The most comprehensive course on PostgreSQL

Learn how to index JSON data in Postgres using two methods: a functional index and a generated column. The video demonstrates how to create a B-tree index on a specific part of a JSON blob, exploring its benefits and limitations. Additionally, we cover using a generated column for indexing, which ensures data consistency but requires adjustments to how queries are written.

Okay, it's finally time to index some JSON. We have two different approaches that we're going to look at. The first one, which we're going to do in this video, is indexing a piece of a blob. , we're going to dig into the JSON blob, pull a single key out, and index that. We're going to do that in two different ways. Then after that, we will look at indexing the entire blob with a gen index.

This first index that we're going to do is just a traditional B-tree index. We talked a lot about B-trees, hopefully you remember some of it. This is a very traditional index. The drawback is it only works on a part of the JSON document. You get all of the benefits of B-tree indexes. Now when you go to a gen index, it will put an index over the entire document. You do have a little bit more flexibility. There are some drawbacks. We'll talk about that in the next video. Let's create some B-tree indexes.
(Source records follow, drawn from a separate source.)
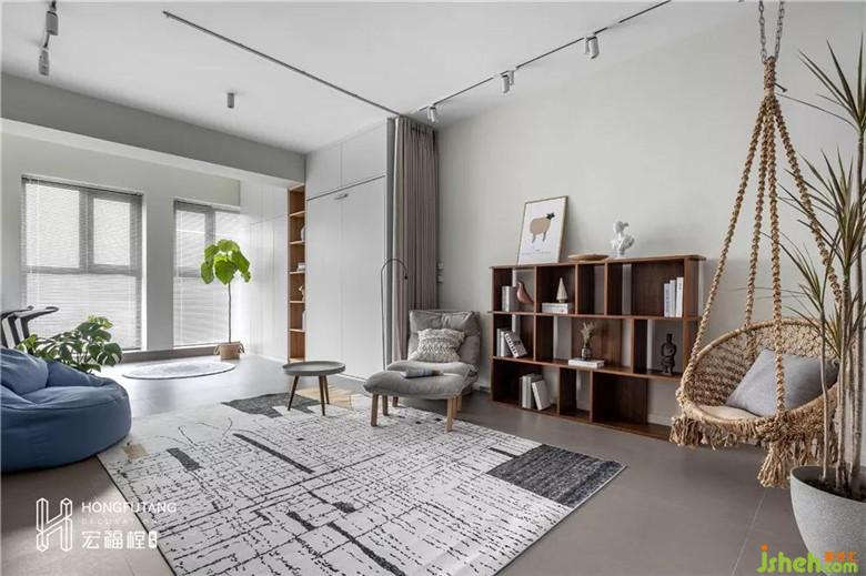 簡易的舒適分離式沙發(fā)+隨手可觸及的開放式書柜+可供孩子玩樂的秋千,大大增加了父母和孩子共處的時間。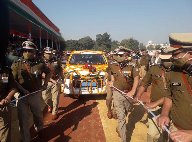 पुलिस महानिदेशक पद से सेवानिवृत्त हुए अनिल के रतूड़ी की विदाई भव्य रैतिक परेड से की गई। पुलिस जवानों की टुकड़ियों ने डीजीपी को सलामी दी। इस दौरान उन्होंने कहा कि पिछले मुझे खुशी है कि आज देश की मानवीय पुलिसों में हमारी गिनती होती है।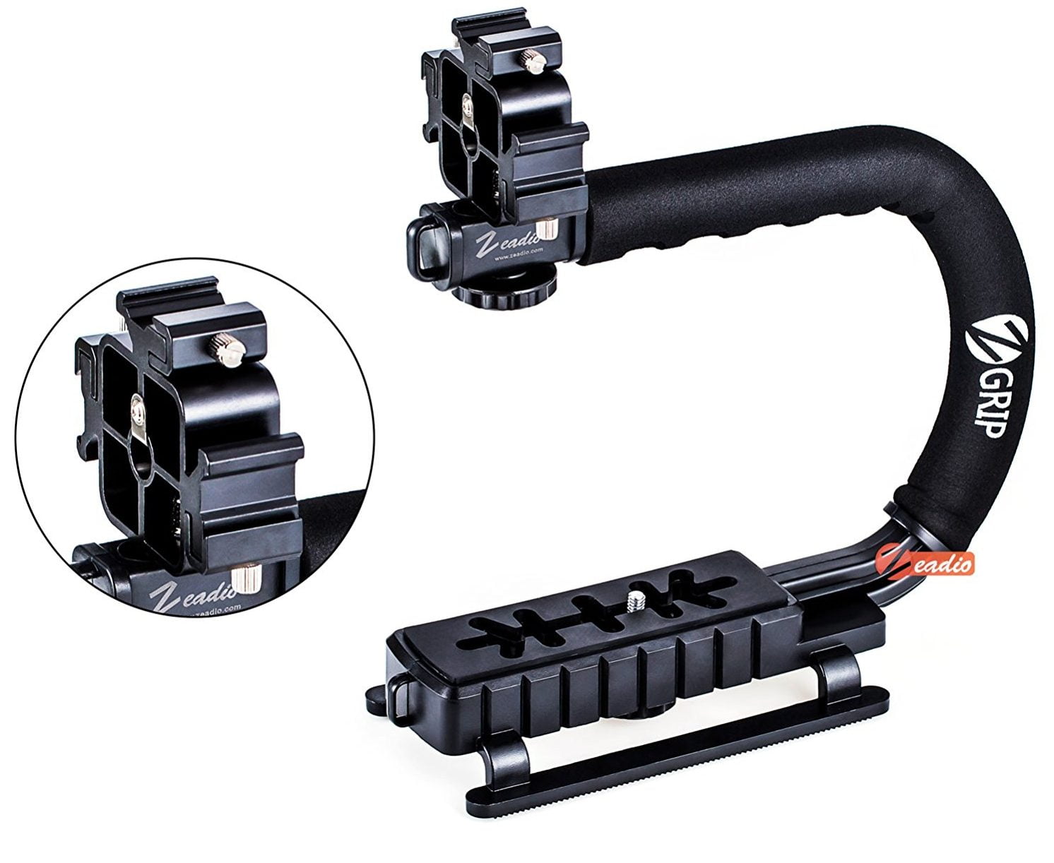 I picked up this guy just before Christmas to make self filming on the go a little easier. It holds the camera, and up to three additional hot shoe devices. Perfect for filming with the light and microphone. It’s got a squishy foam handle that lets you hold the camera out at arms length, and gives you a some stability when filming other stuff. I’ve also got a Joby Gorilla Pod that also allows you to self film – those are a bit more expensive though (and don’t have a hot shoe adaptor. You can also fix the Zeadio Stabiliser onto the tripod, which is what I generally do. The triple hot shoe mount is excellent.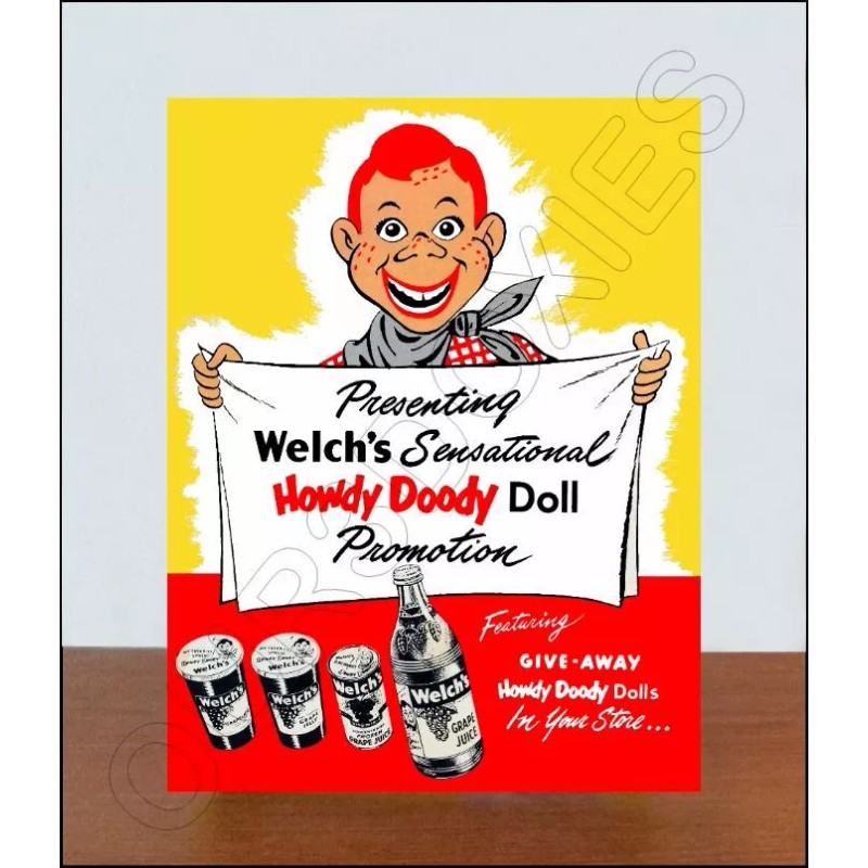 Welch's Grape Juice 1950's Howdy Doody Welch's Grape Juice Store Counter Advertising Standup Sign

We're going to take a look at this orders JSON again. We're going to look at this terrible, terrible schema. Do not take schema recommendations from this video, because this is terrible schema. The problem is the customer's email is all the way down here, nested inside of the customer, nested inside of this details column. Awful schema. We have a few different options.

The first thing, let's we can come up here. Let's pluck this out. We're going to do, let's do details. Then we're going to do the unquoting actually, nope, we got to go through a key. We're going to do customer first, and then we're going to do the unquoting operator. We're going to pull email out of there that needs to be quoted as well. That should do it. , that does give us that does give us the email. You'll remember, you'll remember all of the ways that we can get at the JSON keys. Here, we've gone into customer. Because we only did one arrow that leaves it as JSON, and this double arrow unquotes it.

Now, what we're going to do is we're going to put an index over that email field. We're going to do it in two different ways. The first is just a straight index, we're going to do a functional index, which means we can create a B-tree index on the result of an expression. The other one is we're going to create a generated column and then put an index on top of that. Why would you want a generated column hanging around if you can just do it with a functional index? That's a great question. That is up to you, the human to decide. Because if you, the human, want to see a top-level column that says email, creating a generated column would be the way to do that. Under the hood, there's functionally no difference between creating a generated column, putting an index on it, and creating a functional index on the results of the expression. Functionally, no difference. It's just a matter of preference and what you and your team want. It is nice to surface to the top level some of these things that can be hidden inside of a JSON blob. Beyond that, I don't really have a lot of opinions. A generated column is kind of the way that I like to go. That's totally up to you.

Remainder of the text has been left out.